◆ **ACTION ITEM**
From the first line to the last, write out the records exactly, leaving the pictures behind.

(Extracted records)

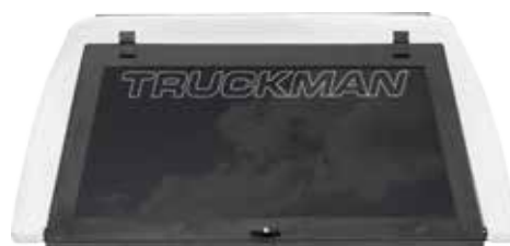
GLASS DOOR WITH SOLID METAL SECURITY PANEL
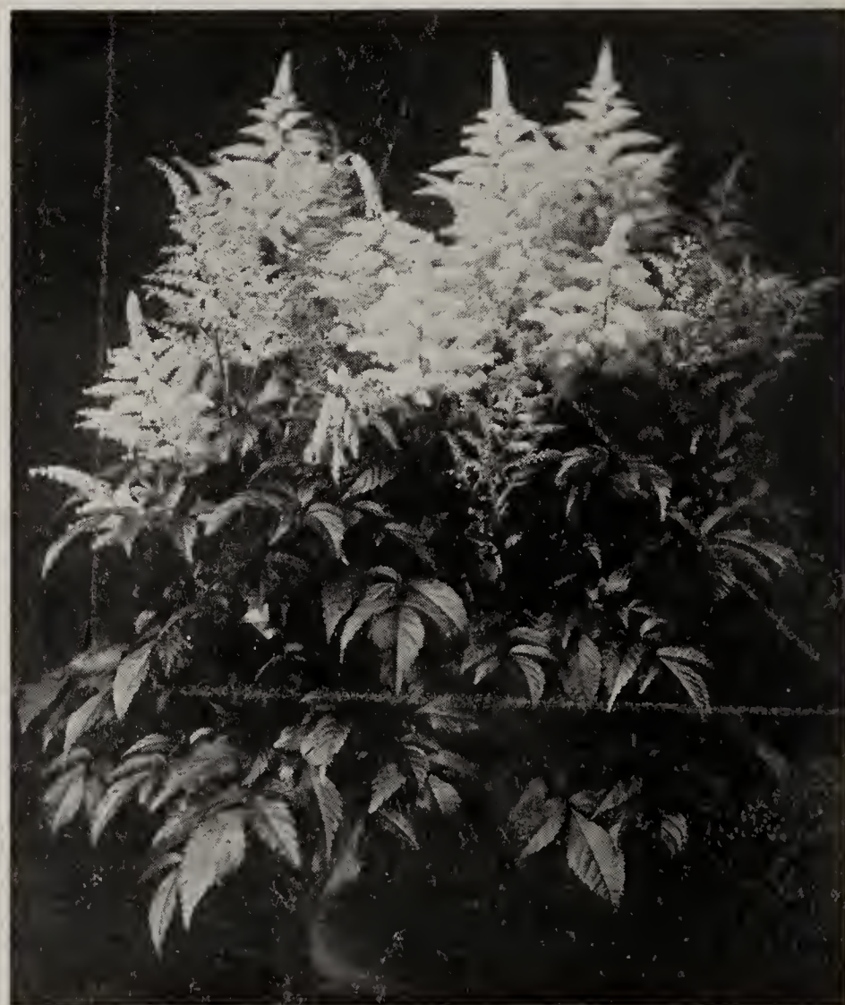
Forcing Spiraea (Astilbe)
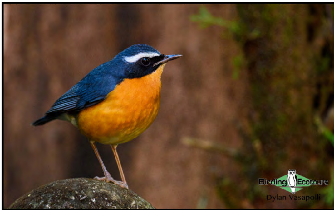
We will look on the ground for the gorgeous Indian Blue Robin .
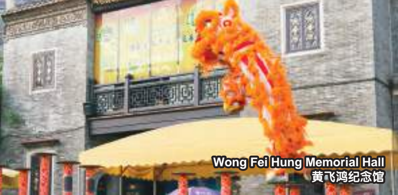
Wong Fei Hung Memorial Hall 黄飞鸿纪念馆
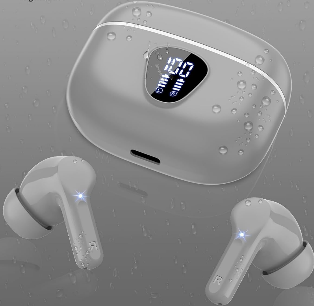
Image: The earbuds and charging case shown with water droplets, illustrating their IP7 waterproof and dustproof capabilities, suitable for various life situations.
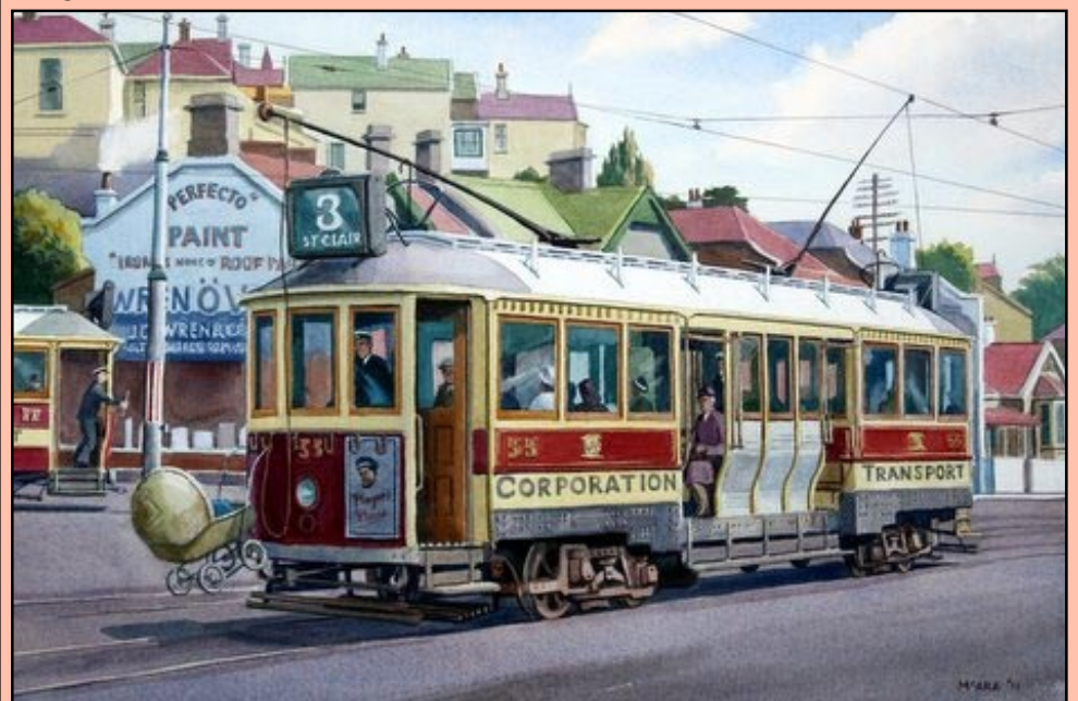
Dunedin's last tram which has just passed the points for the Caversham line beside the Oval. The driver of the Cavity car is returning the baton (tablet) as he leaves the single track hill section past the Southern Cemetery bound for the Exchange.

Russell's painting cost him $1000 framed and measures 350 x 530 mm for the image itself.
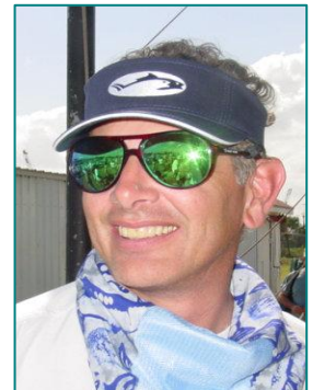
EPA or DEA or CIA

◆ **EXPECTED OUTPUT**
GLASS DOOR WITH SOLID METAL SECURITY PANEL
Forcing Spiraea (Astilbe)
We will look on the ground for the gorgeous Indian Blue Robin .
Wong Fei Hung Memorial Hall 黄飞鸿纪念馆
Image: The earbuds and charging case shown with water droplets, illustrating their IP7 waterproof and dustproof capabilities, suitable for various life situations.
Dunedin's last tram which has just passed the points for the Caversham line beside the Oval. The driver of the Cavity car is returning the baton (tablet) as he leaves the single track hill section past the Southern Cemetery bound for the Exchange.

Russell's painting cost him $1000 framed and measures 350 x 530 mm for the image itself.
EPA or DEA or CIA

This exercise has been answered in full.